=== Section Start ===

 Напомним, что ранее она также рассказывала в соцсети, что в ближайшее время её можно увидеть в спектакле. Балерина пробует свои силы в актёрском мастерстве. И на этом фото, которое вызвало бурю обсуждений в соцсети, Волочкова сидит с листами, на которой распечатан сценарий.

=== Section End ===
=== Section Start ===

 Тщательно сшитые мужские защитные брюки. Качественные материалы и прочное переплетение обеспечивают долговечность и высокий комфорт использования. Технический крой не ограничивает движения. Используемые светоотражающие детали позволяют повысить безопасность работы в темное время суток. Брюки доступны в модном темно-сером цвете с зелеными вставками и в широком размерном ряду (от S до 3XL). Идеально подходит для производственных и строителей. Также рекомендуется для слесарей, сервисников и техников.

=== Section End ===
=== Section Start ===

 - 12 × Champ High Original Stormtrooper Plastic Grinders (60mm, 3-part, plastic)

=== Section End ===

Filter the listing for the word "время" and copy each line that has it.

 Напомним, что ранее она также рассказывала в соцсети, что в ближайшее время её можно увидеть в спектакле. Балерина пробует свои силы в актёрском мастерстве. И на этом фото, которое вызвало бурю обсуждений в соцсети, Волочкова сидит с листами, на которой распечатан сценарий.
 Тщательно сшитые мужские защитные брюки. Качественные материалы и прочное переплетение обеспечивают долговечность и высокий комфорт использования. Технический крой не ограничивает движения. Используемые светоотражающие детали позволяют повысить безопасность работы в темное время суток. Брюки доступны в модном темно-сером цвете с зелеными вставками и в широком размерном ряду (от S до 3XL). Идеально подходит для производственных и строителей. Также рекомендуется для слесарей, сервисников и техников.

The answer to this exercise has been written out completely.